Uma partitura de Tropicália, de Caetano Veloso, veio também. Aquela trazia observação manuscrita menos airosa: «Êste, em minha opinião, é pilantra!!!». Como eu tinha grande admiração pela erudição de meu professor, achei que ele devia ter razão.

Não foi senão uns dez anos mais tarde que, de volta ao Brasil, pude conhecer mais a fundo a obra dos dois jovens artistas, Buarque e Veloso. Tenho de admitir que meu mestre não estava tão errado assim. O Chico era realmente «dos bons», enquanto o outro nunca me entusiasmou.

Quando o carteiro chegou

Quando o carteiro chegou

MENSAGEM (Quando o carteiro chegou)
Sempre achei ― e continuo achando ― que o melhor do Brasil não é seu povo, nem seu clima, nem suas belezas naturais, nem sua língua. O que mais me encanta em Pindorama é a música. Antes da internet, a cada viagem que fazia ao Brasil, eu trazia de volta uma boa quantidade de discos. Primeiro, foram aquelas bolachonas pretas de vinil. Depois, apareceram os cds, bem mais práticos e menos volumosos. Hoje em dia, não precisa mais. Meu rádio recebe o sinal por internet, o que me dá acesso a milhares de estações, desde a Mongólia até a Patagônia.

Outro dia estava sintonizado na Rádio Nacional de Brasília. É uma emissora chapa-branca, daquelas que chamam a presidente de presidenta. Mas tem uma excelente programação, quase exclusivamente musical. Uma coisa compensa a outra. Lá pelas tantas, uma música me pareceu familiar. Não coincidia exatamente com o que eu tinha em memória, mas a parecença era indiscutível.

Não precisei pensar muito. Logo identifiquei que aquilo que estavam tocando era uma quase cópia do samba-canção Mensagem, composto pelos cariocas Cícero Nunes e Aldo Cabral e gravado por Isaura Garcia, na flor de seus 23 aninhos, em 1946. Esperei até o fim da cantoria do rádio. Queria ficar sabendo que música era aquela e quem se apresentava como autor. No fim do bloco, o locutor informou: «Pé do meu samba, de autoria de Caetano Veloso, cantada por Mart’nália». Pra você ver.

Envelope... sem sobrescrito

Envelope… sem sobrescrito

PLÁGIO
Plágio? É difícil dar um veredicto definitivo. Apesar dos mais de 60 anos que separam as duas composições, a linha melódica e a harmonia, pelo menos nos primeiros compassos, é idêntica. É possível até que a velha Mensagem já tenha caído no domínio público deixando, assim, de ser protegida pela legislação sobre direito autoral.

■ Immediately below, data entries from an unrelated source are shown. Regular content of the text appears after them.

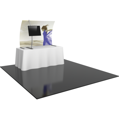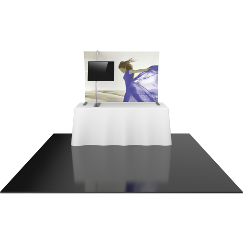 Master Table Top TT3. This Tabletop Fabric Display is lightweight and easy to assemble. Master Table Top TT3 is designed with a slight vertical curve and has flat feet in the back of the unit for stability, and measures 61.96″W x 61.96″W x 45.49″H x 25.19″D.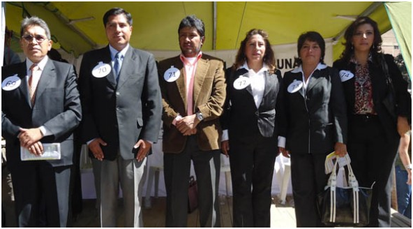 Los postulantes ubicados en la tarima, llevaban en el lado izquierdo del pecho el número que se les asignó de acuerdo a sorteo y con el que figuran en la papeleta. Se dio a cada candidato dos minutos para dar su nombre y mencionar su formación y trayectoria profesional, la mayoría lo hizo en dos idiomas, en quechua y español.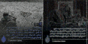 مقارنة نتيجة تحليل مستوى الضوضاء لصورة الادعاء (إلى اليمين) مع نتيجة نفس التحليل لإحدى تصاميم قناة الجزيرة الأصلية

Há atitudes que, embora lícitas, fogem à ética. O senhor Veloso, ao ressuscitar o velho samba-canção, poderia ter revelado a origem de sua inspiração, a parceria póstuma. Teria sido bem mais simpático e não faria mal a ninguém. Ademais, evitaria chocar os ouvidos dos que ainda se lembram «daquela do carteiro». Será que meu bom professor de música tinha razão?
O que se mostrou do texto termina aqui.